■ **Problem description**: Copy the data precisely, character for character, and leave out every picture.

■ **Dataset entries**:
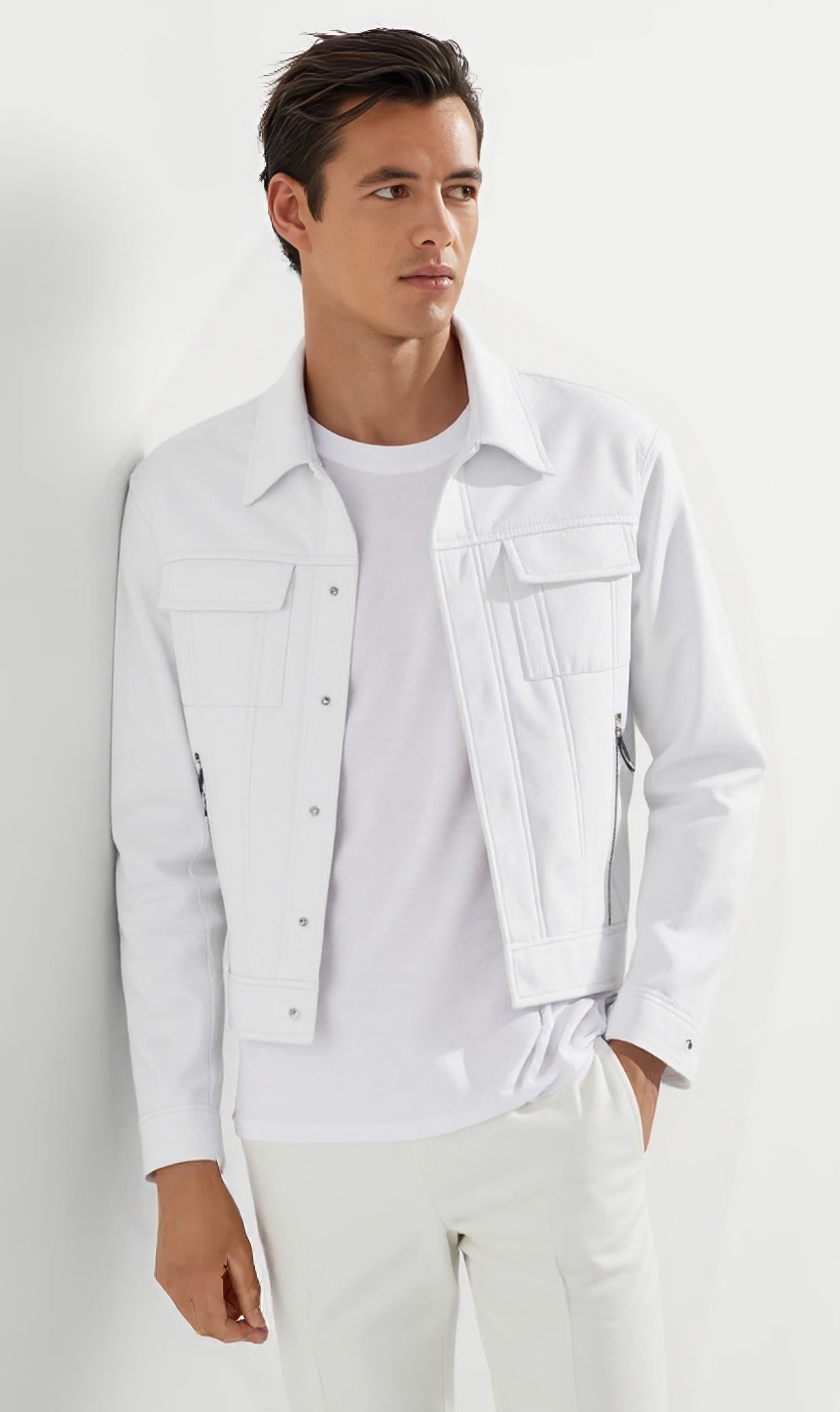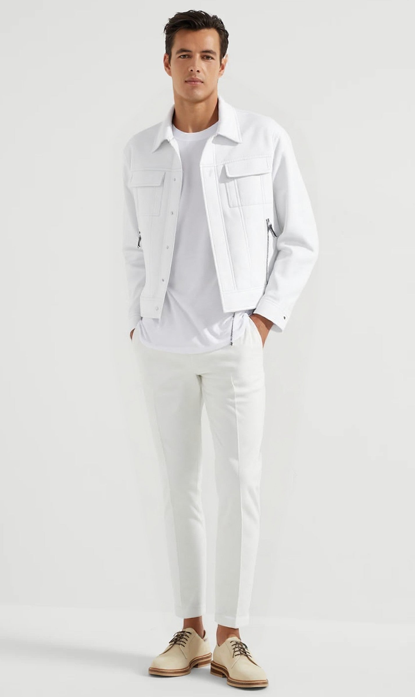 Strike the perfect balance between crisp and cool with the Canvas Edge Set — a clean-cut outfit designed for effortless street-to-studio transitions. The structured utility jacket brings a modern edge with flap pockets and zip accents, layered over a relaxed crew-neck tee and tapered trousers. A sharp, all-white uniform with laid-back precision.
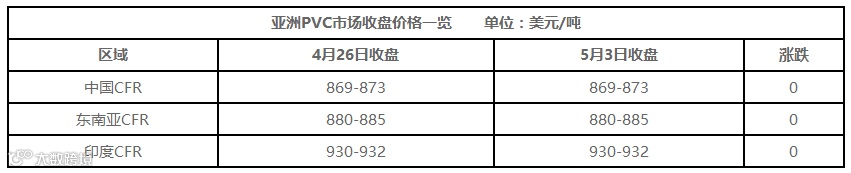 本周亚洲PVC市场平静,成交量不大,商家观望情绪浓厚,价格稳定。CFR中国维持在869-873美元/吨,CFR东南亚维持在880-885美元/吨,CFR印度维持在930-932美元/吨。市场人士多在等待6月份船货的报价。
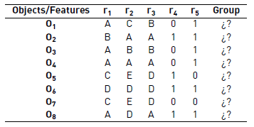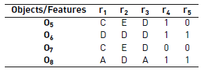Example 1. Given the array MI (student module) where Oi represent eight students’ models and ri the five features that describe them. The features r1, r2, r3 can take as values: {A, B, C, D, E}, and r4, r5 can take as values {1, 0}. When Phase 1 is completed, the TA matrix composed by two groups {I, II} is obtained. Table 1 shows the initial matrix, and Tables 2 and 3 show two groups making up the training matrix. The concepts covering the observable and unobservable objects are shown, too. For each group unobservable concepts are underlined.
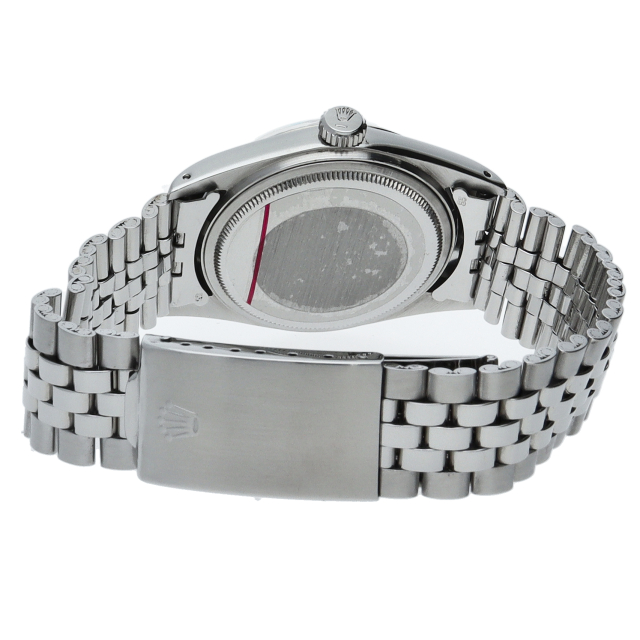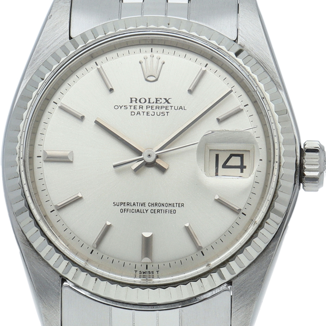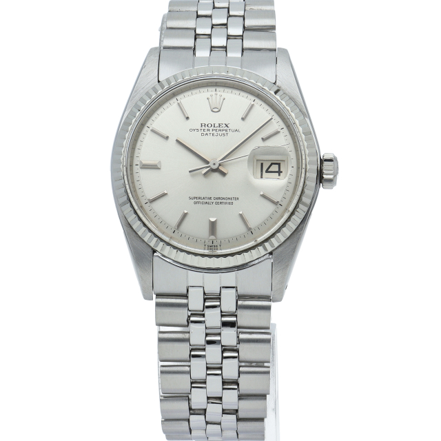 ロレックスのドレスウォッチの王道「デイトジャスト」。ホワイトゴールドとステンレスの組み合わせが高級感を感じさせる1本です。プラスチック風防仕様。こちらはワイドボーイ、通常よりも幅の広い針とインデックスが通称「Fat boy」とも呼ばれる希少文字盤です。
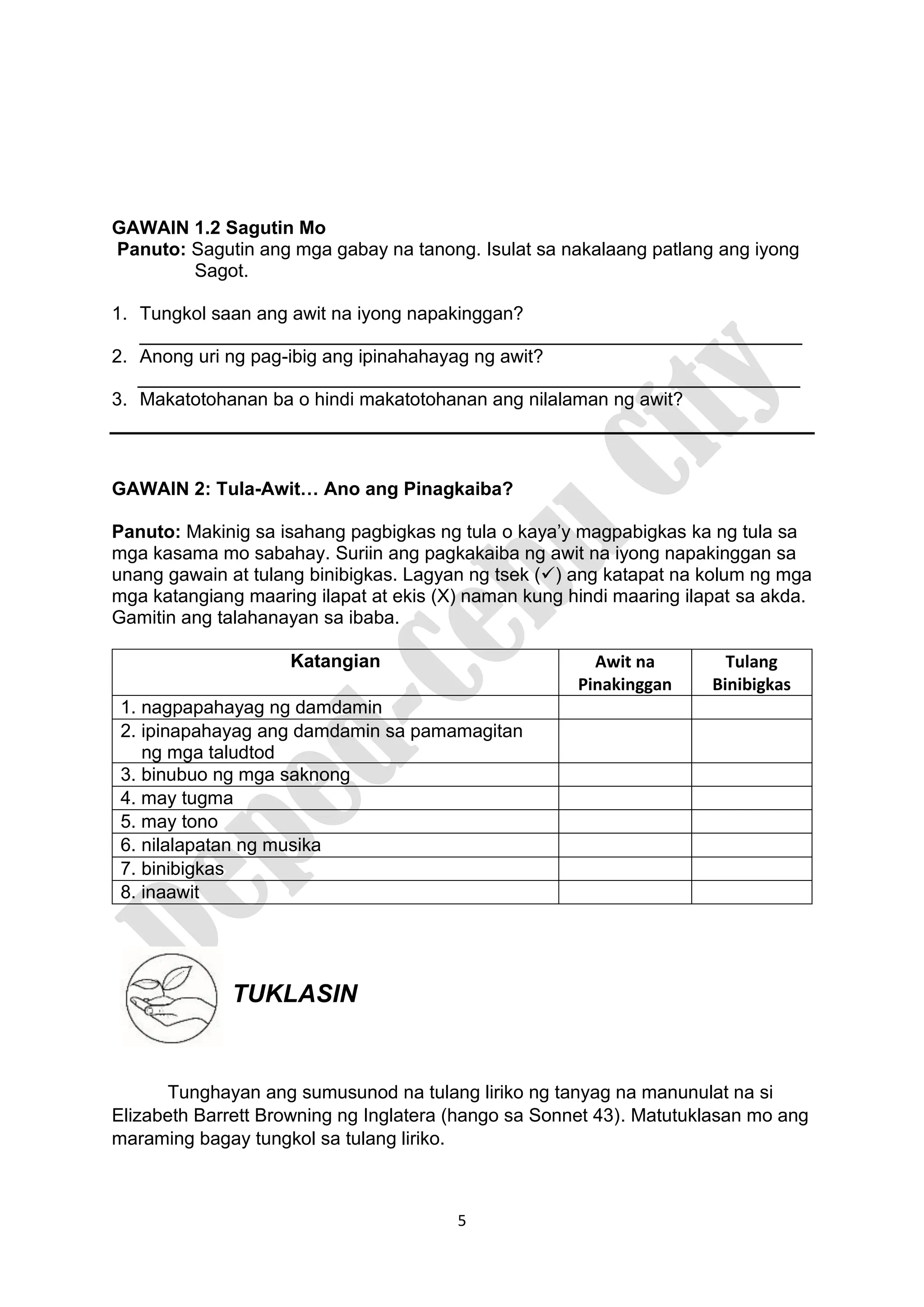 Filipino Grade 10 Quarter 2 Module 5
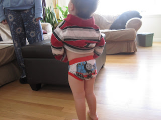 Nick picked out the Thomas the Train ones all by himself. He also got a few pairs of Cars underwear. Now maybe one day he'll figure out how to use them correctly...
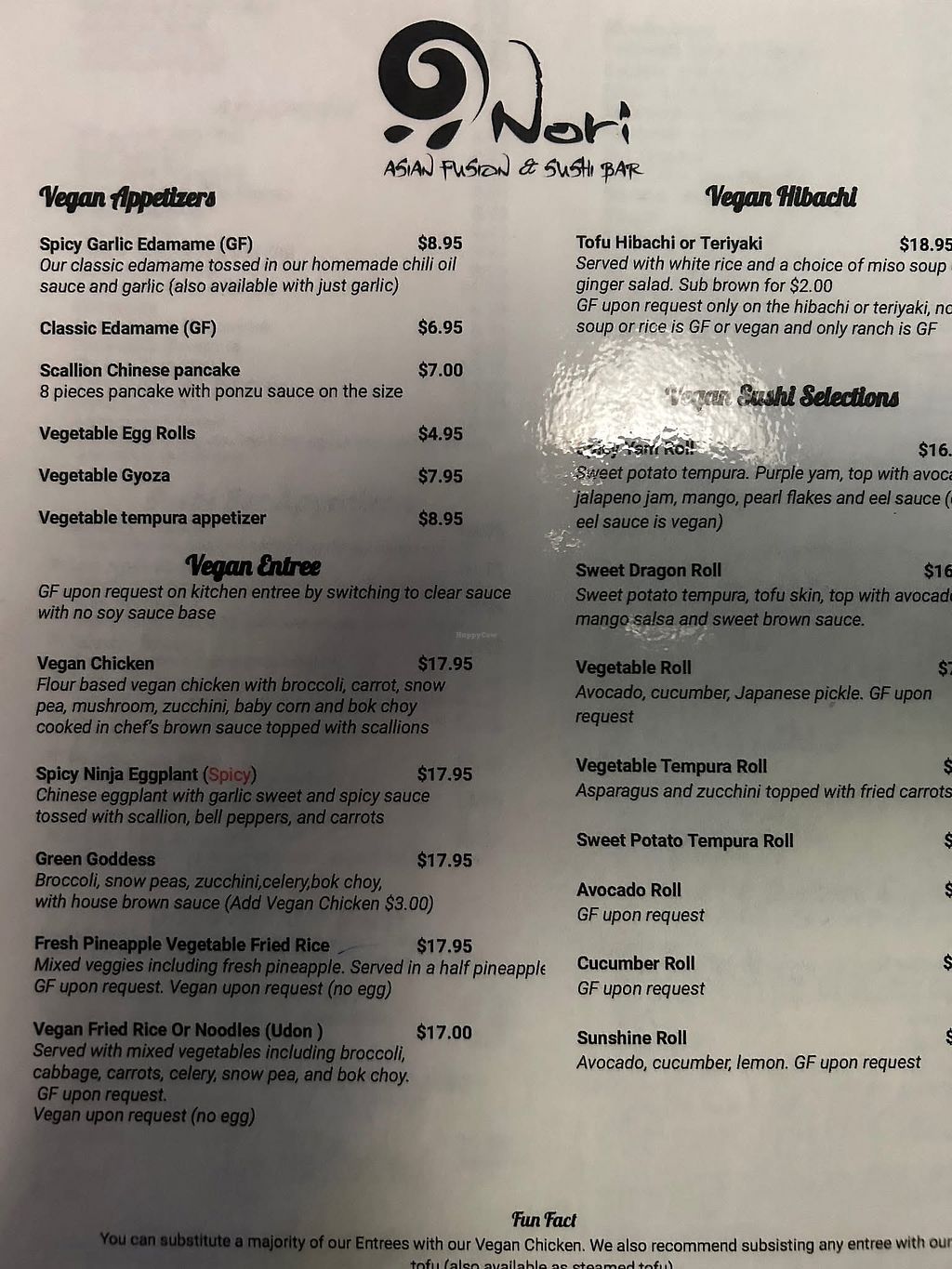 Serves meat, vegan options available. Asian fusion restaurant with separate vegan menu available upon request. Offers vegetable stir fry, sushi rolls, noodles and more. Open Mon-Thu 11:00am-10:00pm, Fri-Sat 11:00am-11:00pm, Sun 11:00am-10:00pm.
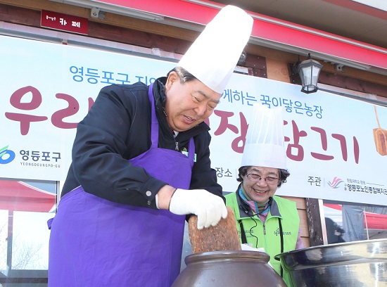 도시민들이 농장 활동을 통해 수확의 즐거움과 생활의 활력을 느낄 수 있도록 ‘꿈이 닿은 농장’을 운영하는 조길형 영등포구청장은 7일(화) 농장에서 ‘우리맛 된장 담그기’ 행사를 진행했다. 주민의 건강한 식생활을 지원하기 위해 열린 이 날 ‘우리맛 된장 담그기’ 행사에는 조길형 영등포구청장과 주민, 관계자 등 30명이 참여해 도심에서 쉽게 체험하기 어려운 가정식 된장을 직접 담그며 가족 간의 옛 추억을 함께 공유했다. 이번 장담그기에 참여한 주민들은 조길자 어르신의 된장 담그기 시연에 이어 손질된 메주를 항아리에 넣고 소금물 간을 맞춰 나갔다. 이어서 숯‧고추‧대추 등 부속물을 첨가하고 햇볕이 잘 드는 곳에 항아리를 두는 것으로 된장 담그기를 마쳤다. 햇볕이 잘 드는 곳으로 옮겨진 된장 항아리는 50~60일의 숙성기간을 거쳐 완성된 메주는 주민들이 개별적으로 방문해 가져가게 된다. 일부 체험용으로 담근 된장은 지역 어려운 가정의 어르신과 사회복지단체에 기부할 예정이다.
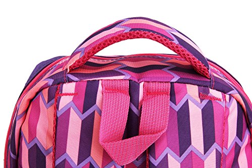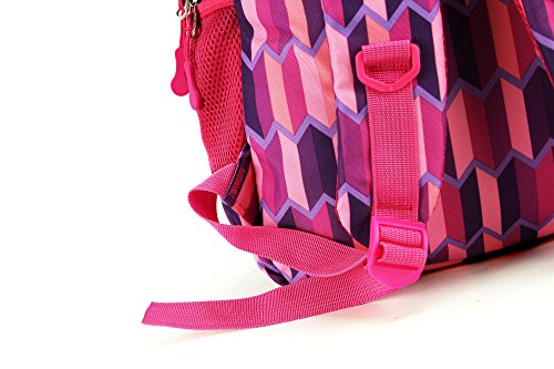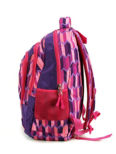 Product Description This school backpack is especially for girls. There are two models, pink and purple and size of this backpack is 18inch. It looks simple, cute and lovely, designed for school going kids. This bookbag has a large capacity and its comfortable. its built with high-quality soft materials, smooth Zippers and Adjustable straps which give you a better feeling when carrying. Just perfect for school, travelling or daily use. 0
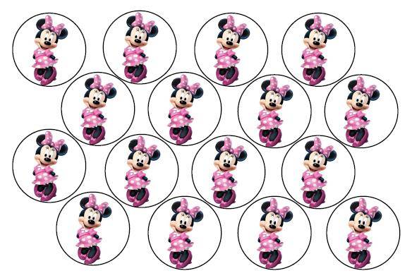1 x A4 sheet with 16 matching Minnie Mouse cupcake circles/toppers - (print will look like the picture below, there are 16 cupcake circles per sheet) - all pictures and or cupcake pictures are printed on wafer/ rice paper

■ **Answer to this problem**:
 Strike the perfect balance between crisp and cool with the Canvas Edge Set — a clean-cut outfit designed for effortless street-to-studio transitions. The structured utility jacket brings a modern edge with flap pockets and zip accents, layered over a relaxed crew-neck tee and tapered trousers. A sharp, all-white uniform with laid-back precision.
 本周亚洲PVC市场平静,成交量不大,商家观望情绪浓厚,价格稳定。CFR中国维持在869-873美元/吨,CFR东南亚维持在880-885美元/吨,CFR印度维持在930-932美元/吨。市场人士多在等待6月份船货的报价。
Example 1. Given the array MI (student module) where Oi represent eight students’ models and ri the five features that describe them. The features r1, r2, r3 can take as values: {A, B, C, D, E}, and r4, r5 can take as values {1, 0}. When Phase 1 is completed, the TA matrix composed by two groups {I, II} is obtained. Table 1 shows the initial matrix, and Tables 2 and 3 show two groups making up the training matrix. The concepts covering the observable and unobservable objects are shown, too. For each group unobservable concepts are underlined.
 ロレックスのドレスウォッチの王道「デイトジャスト」。ホワイトゴールドとステンレスの組み合わせが高級感を感じさせる1本です。プラスチック風防仕様。こちらはワイドボーイ、通常よりも幅の広い針とインデックスが通称「Fat boy」とも呼ばれる希少文字盤です。
 Filipino Grade 10 Quarter 2 Module 5
 Nick picked out the Thomas the Train ones all by himself. He also got a few pairs of Cars underwear. Now maybe one day he'll figure out how to use them correctly...
 Serves meat, vegan options available. Asian fusion restaurant with separate vegan menu available upon request. Offers vegetable stir fry, sushi rolls, noodles and more. Open Mon-Thu 11:00am-10:00pm, Fri-Sat 11:00am-11:00pm, Sun 11:00am-10:00pm.
 도시민들이 농장 활동을 통해 수확의 즐거움과 생활의 활력을 느낄 수 있도록 ‘꿈이 닿은 농장’을 운영하는 조길형 영등포구청장은 7일(화) 농장에서 ‘우리맛 된장 담그기’ 행사를 진행했다. 주민의 건강한 식생활을 지원하기 위해 열린 이 날 ‘우리맛 된장 담그기’ 행사에는 조길형 영등포구청장과 주민, 관계자 등 30명이 참여해 도심에서 쉽게 체험하기 어려운 가정식 된장을 직접 담그며 가족 간의 옛 추억을 함께 공유했다. 이번 장담그기에 참여한 주민들은 조길자 어르신의 된장 담그기 시연에 이어 손질된 메주를 항아리에 넣고 소금물 간을 맞춰 나갔다. 이어서 숯‧고추‧대추 등 부속물을 첨가하고 햇볕이 잘 드는 곳에 항아리를 두는 것으로 된장 담그기를 마쳤다. 햇볕이 잘 드는 곳으로 옮겨진 된장 항아리는 50~60일의 숙성기간을 거쳐 완성된 메주는 주민들이 개별적으로 방문해 가져가게 된다. 일부 체험용으로 담근 된장은 지역 어려운 가정의 어르신과 사회복지단체에 기부할 예정이다.
 Product Description This school backpack is especially for girls. There are two models, pink and purple and size of this backpack is 18inch. It looks simple, cute and lovely, designed for school going kids. This bookbag has a large capacity and its comfortable. its built with high-quality soft materials, smooth Zippers and Adjustable straps which give you a better feeling when carrying. Just perfect for school, travelling or daily use. 0
1 x A4 sheet with 16 matching Minnie Mouse cupcake circles/toppers - (print will look like the picture below, there are 16 cupcake circles per sheet) - all pictures and or cupcake pictures are printed on wafer/ rice paper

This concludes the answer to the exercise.